# Hello all!



## Hypoponera (Apr 29, 2007)

Greetings from New Mexico,

I wanted to say hello to all you other mantis people. My name is Mike and I'm returning to my long standing interest in mantids. I have spent the past several years playing with ants. Great little critters! I currently have 6 active colonies going.

But it is time to get back to my first love. The mantids were my reseach animal for every project while working on my BS. I managed to use mantids in every entomology class I took. I even managed to rear out 3 generations of _Stagmomantis limbata _and 1 generation of _Litaneutria minor_.

I currently have no live mantids. I hope to have a few soon. Until then, I am rebuilding my collection of pinned mantids.

Also, can someone tell me why I have to enter my user name and password twice before I log on?


----------



## jarek (Apr 29, 2007)

Hello we hope you'l like here but I don't know why you have log on twice


----------



## Rick (Apr 29, 2007)

Welcome! Not sure why you are having to log in twice. I have not had any reports of the issue from anyone else. Let us know if it continues.


----------



## robo mantis (Apr 29, 2007)

Welcome


----------



## OGIGA (Apr 29, 2007)

Welcome! I hope you'll get some mantises again and join the community here!


----------



## Hypoponera (Apr 29, 2007)

Thanks for the welcome! I do hope to get started with the mantids again. I am thinking of getting an oothecca or 2 this summer. Chinese egg cases are usually sold by the local gardening shops. I will probably start with those.

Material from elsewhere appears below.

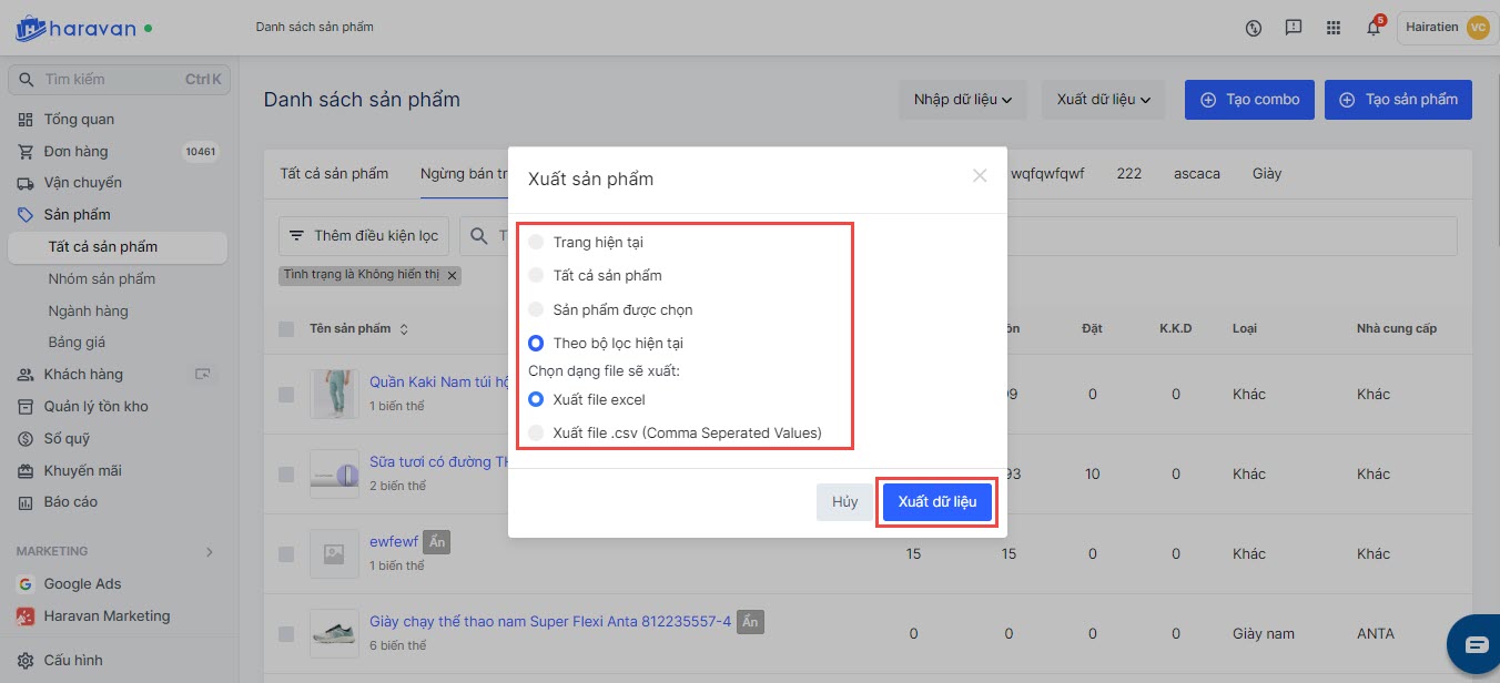 - Chọn Sản phẩm cần xuất và định dạng file mong muốn (Không thể chọn định dạng file khi xuất dữ liệu theo mẫu Shopee) -> chọn Xuất dữ liệu

Space and time are the current problems. Each of my ant colonies is a different species with all different food requirements. In addition, I have a newly started colony of hissing cockroaches. And of course, there is "George", my wife's addition to my zoo. George is an African Giant Black millipede. But I think 3 ant colonies will be getting released this summer, so hopefully that will free-up some time and space for a mantis or two!


----------



## Way.Of.The.Mantis (Apr 30, 2007)

G'day!


----------



## hibiscusmile (Apr 30, 2007)

Hello new Mexico, I cannot believe your wife has a milliped? I cannot even look at one of those for 2 seconds :shock: :lol:


----------



## Hypoponera (Apr 30, 2007)

My wife doesn't keep the millipede, I do. She got it for me for Christmas. She thought a nice big buggy-thing would be a great gift! And it is. It's alot easier to get food for it then mantids also. The Christmas before, she made me a bug quilt.


----------



## hibiscusmile (May 1, 2007)

U should post a pic of the bug quilt... I would love to see it. :wink:


----------